STUDY MATERIAL
"""

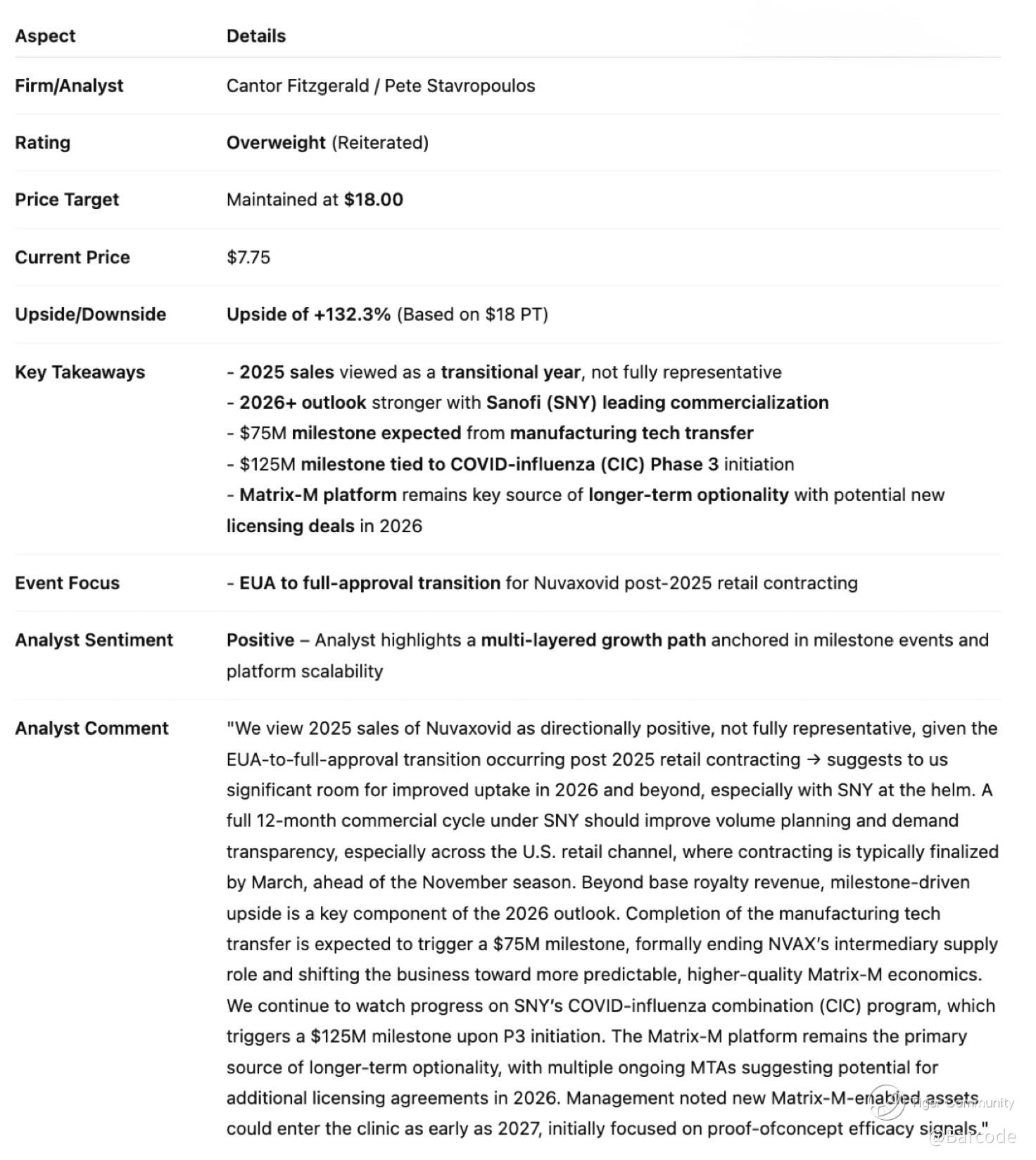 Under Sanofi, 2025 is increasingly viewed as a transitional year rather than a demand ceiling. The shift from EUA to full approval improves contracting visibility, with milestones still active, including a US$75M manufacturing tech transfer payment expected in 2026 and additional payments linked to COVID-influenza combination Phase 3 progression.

"""
"""

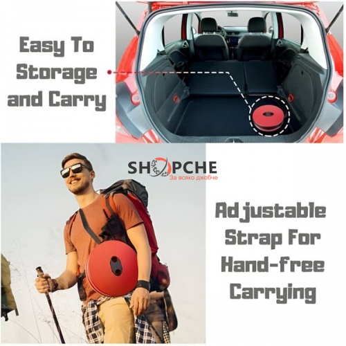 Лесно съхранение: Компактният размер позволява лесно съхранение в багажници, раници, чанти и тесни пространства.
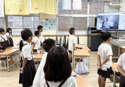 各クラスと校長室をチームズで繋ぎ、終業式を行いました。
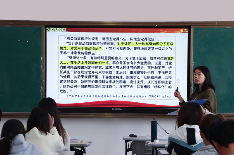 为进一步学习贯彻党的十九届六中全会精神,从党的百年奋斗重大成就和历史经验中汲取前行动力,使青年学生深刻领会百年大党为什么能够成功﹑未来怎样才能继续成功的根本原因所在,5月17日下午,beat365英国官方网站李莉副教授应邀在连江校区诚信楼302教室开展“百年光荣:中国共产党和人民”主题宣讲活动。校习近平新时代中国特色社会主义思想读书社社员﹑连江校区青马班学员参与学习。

"""

EXERCISE DESCRIPTION
Return the material from the line containing "各クラスと校長室をチームズで繋ぎ、終業式を行いました。" through the line containing "为进一步学习贯彻党的十九届六", exactly and in full, but without its pictures.

RESPONSE TO THE EXERCISE
 各クラスと校長室をチームズで繋ぎ、終業式を行いました。
 为进一步学习贯彻党的十九届六中全会精神,从党的百年奋斗重大成就和历史经验中汲取前行动力,使青年学生深刻领会百年大党为什么能够成功﹑未来怎样才能继续成功的根本原因所在,5月17日下午,beat365英国官方网站李莉副教授应邀在连江校区诚信楼302教室开展“百年光荣:中国共产党和人民”主题宣讲活动。校习近平新时代中国特色社会主义思想读书社社员﹑连江校区青马班学员参与学习。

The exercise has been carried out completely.